There’s a few elements of the solution I’m glossing over - walking down potential areas to see if any of them are possible, splitting the list of words up into the different lengths - check out my full solution here.
Once I debugged it on this very small test set
['dog',
'emu',
'fog',
'def',
'omo',
'gug']
(I’m not good at crossword puzzles so I cheated), I put it to work on /usr/share/dict/words, a file with about 230000 words in it, which has words almost as obscure as ‘gug’ but is a good, smallish example of the type of data the question asks about.
My program chugged away for a few minutes without coming up with anything, so I ran a profiler on it to see what was taking the most time. Over the next day, I tried everything I could think of (short of rewriting the damn thing in C) to get this program to run faster (including but not limited to storing rectangles as byte arrays, storing rectangles as columns instead of rows, replacing the prefix tree with a huge hash table of strings that were valid prefixes), but it couldn’t finish the search for words much shorter than 16 letters (it’s easier the more letters you’re trying to use per word, because of how few words there are with 16+ letters).
Finally, frustrated, I turned to the solution in the book. Just reading the code, I couldn’t figure out why it would be much faster than mine, so I thought I’d clone it and try to run it myself. The solution is written in Java, which I know barely anything about, and the author recommends using Eclipse, which I know nothing about. I halfheartedly tried to bully it into running the code for a few minutes, but then I actually looked at the test that was going to run, and saw that the list of words it was going to use was just a couple thousand words long. 🤔 I ran my program on this test case, and it spat out the answer in 1.5 seconds.

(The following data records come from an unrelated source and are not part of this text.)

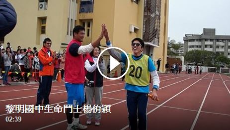 楊侑穎勇於突破身體上的殘缺,雖然每一步都跑得比別人辛苦,但他沒有洩氣努力完成不可能的任務,校方在比賽後也特別頒發「
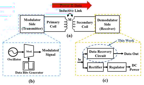 Typical block diagram wireless power and data transfer over inductive coupled link utilizing ASK-OOK modulation. (a) Inductive coupled link; (b) transmitter end for modulation; (c) receiver end for data and power recovery.
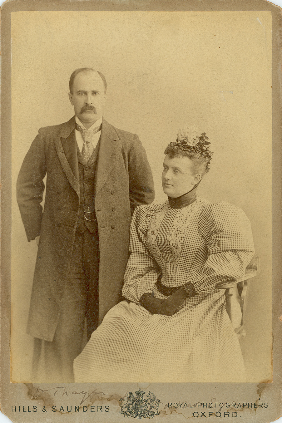 BY APPOINTMENT TO HER MAJESTY Hills & Saunders OXFORD NEGATIVES PRESERVED. COPIES MAY BE HAD AT ANY TIME. This or any other portrait enlarged of reduced and finished in oil or water colour. (Hills & Saunders' crest, transcribed from back of photo)
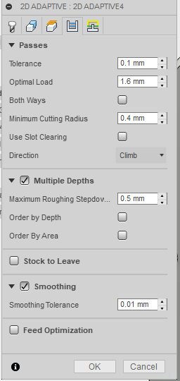 Yeah so I would reduce that optimal load down to something around 0.8mm and increase your maximum step down to the tool diameter to start with (so 4mm here). This will engage more of the cutter length but reduce the amount it's trying to move into the part on each pass. The way you have it set up currently it's the bottom 0.5mm of the tool that will be doing all the cutting and you'll wear it out much more quickly.

Unsatisfied. I grabbed this list of 10000 most common english words, and just under two hours later I had
spears
planet
easily
animal
relate
styles
to show for it.
So, anybody else think about or solve this one? Can any Java person try it and tell me if the book solution can handle the Unix words file? I believe that the question as originally posed isn’t possible, and not just because I couldn’t do it.